Well, I believe in my God, totally. Di hari pertama terapi 29 hari ini kujalani, seorang guru sekolah di Tasik ketika itu ikut berbagi pikiran tentang sedekah, yang menjadi tema talk show yang kubawakan saat itu. Ia menekankan betapa niat akhir dari segala pemberian yang kita lakukan pada intinya adalah ekspresi kecintaan kita pada Tuhan. Cinta yang membuat kita selalu membuka diri untuk berbagi pada sesama dan semesta. Kita dan semesta tak pernah bisa dipisahkan. Meski masing-masing hidup dengan logikanya sendiri-sendiri, tapi tetap saja saling terikat dan membutuhkan. Keengganan kita memperhatikan semesta, sama saja enggan memperhatikan diri kita sendiri. Jadi, jangan hanya memberi dengan harap mendapat cash back yang setara. Bukankah rasa damai dan bahagia yang muncul dari diri kita setelah melakukan pemberian jauh lebih tak ternilai, ketimbang nominal pemberian yang kita lakukan?
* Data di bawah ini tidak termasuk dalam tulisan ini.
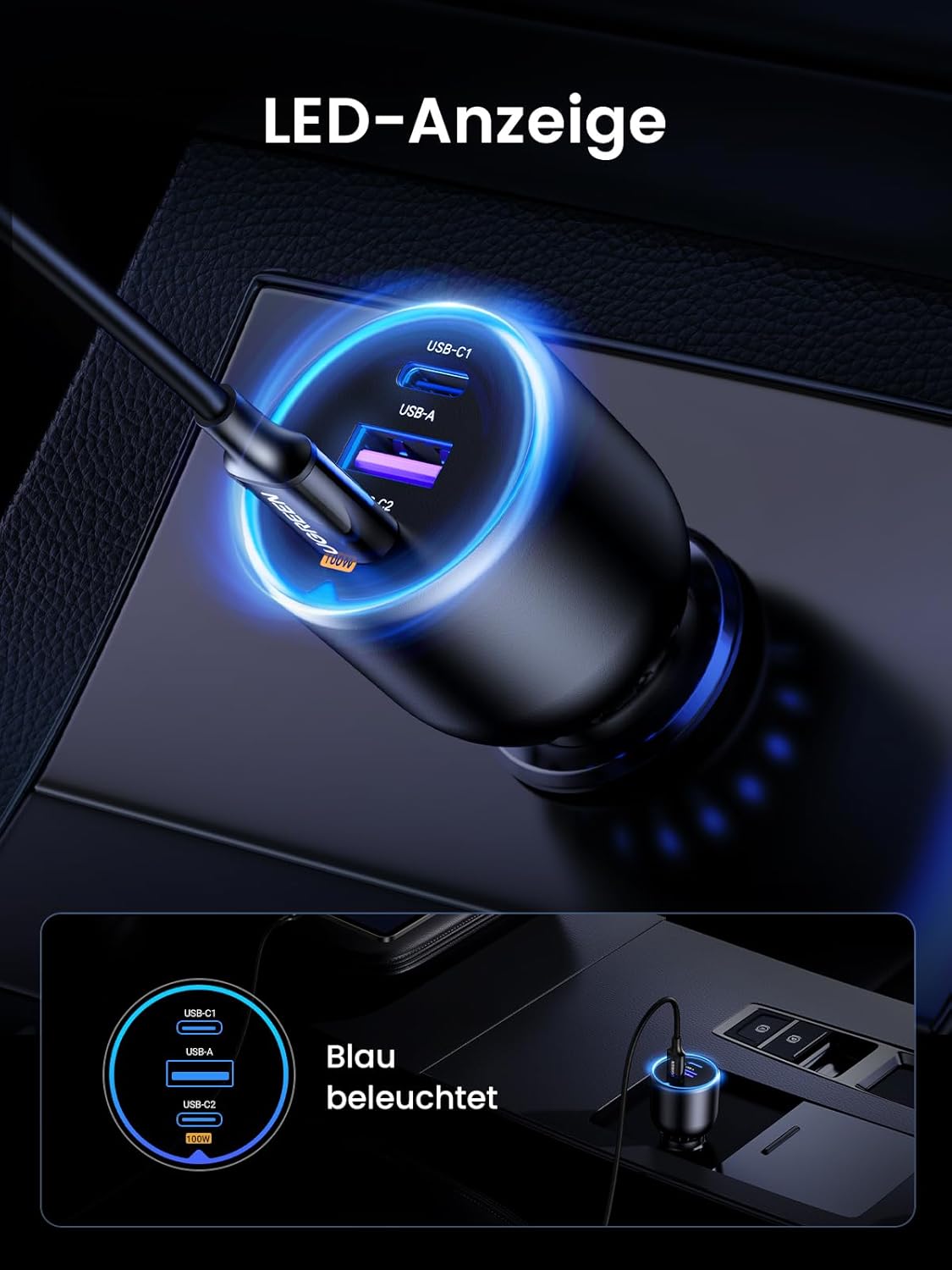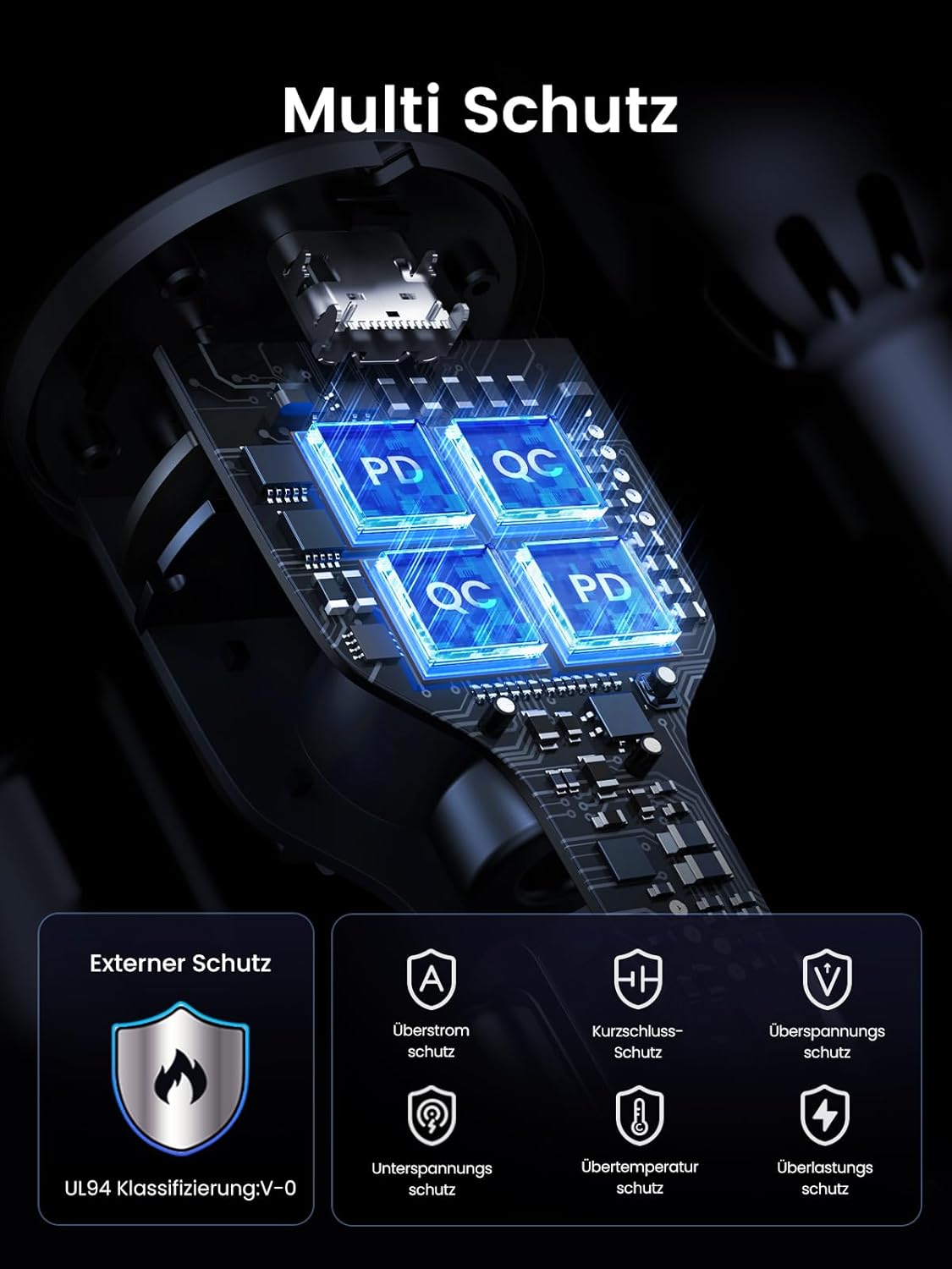 • Интелигентен чип за защита при зареждане: 130 W зарядното за кола за аксесоари с интелигентен чип разпределя тока разумно в реално време и предпазва устройството ви от късо съединение, пренапрежение и презареждане, без да съкращава експлоатационния му живот. Вентилационният дизайн на USB адаптера за запалка спомага за разсейване на топлината. Това бързо зарядно за запалка го прави надежден USB C вариант за кола за дълги пътувания и следователно е практичен аксесоар за интериора на автомобила.
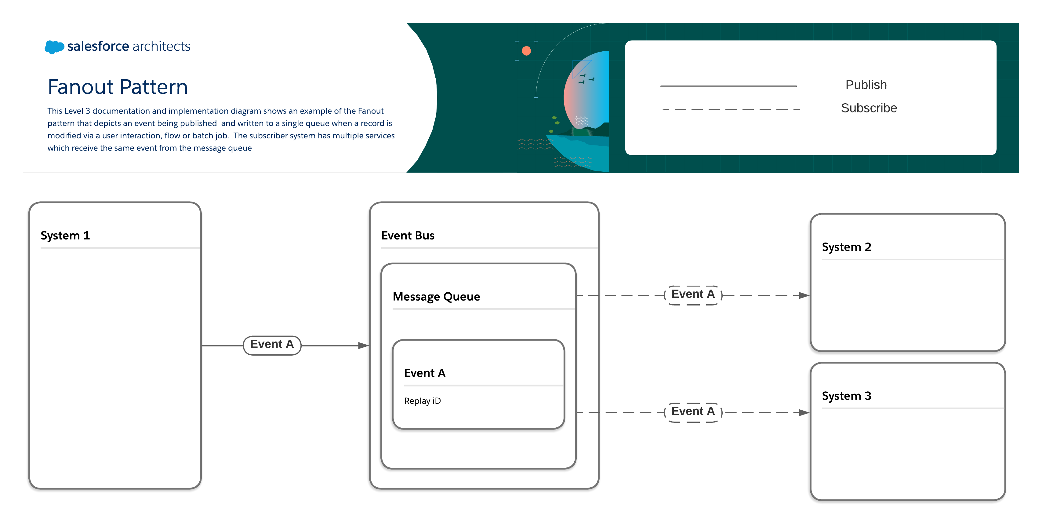 shows an event being published and written to a single queue when a record is modified via a user interaction, flow or batch job. The subscriber system has multiple services which receive the same event from the message queue

Targetku hari ini: menghabiskan recehan yang sudah kusiapkan sejak hari Minggu kemarin. Kebetulan hari ini rencananya mau ketemu beberapa teman lama di Plaza Semanggi. Salah satu diantaranya ingin meminjam buku 29 Gifts milikku. Jadilah aku berangkat dengan angkutan favoritku: kereta api. Setelah duduk di dalam kereta, aku mulai berpikir sebaiknya turun di stasiun mana ya untuk menghindari kemacetan. Akhirnya kuputuskan untuk turun di stasiun Gondangdia saja karena aku ingin melakukan pemberian berupa tambahan rezeki bagi supir bajaj. Sebenarnya lebih cepat naik ojek, tapi kalau kupikir-pikir sepertinya tukang bajaj mulai kalah bersaing dengan tukang ojek. Karena itulah aku memilih naik bajaj saja nanti. Kalau ingin berhemat, rute Stasiun Gondangdia-Sarinah-Semanggi sebenarnya memakan ongkos yag lebih mahal dbandingkan rute Stasiun Kota-Semanggi. Tapi, karena pemberian pada supir bajaj itu yang kuinginkan maka biarlah rute pertama yang kuambil.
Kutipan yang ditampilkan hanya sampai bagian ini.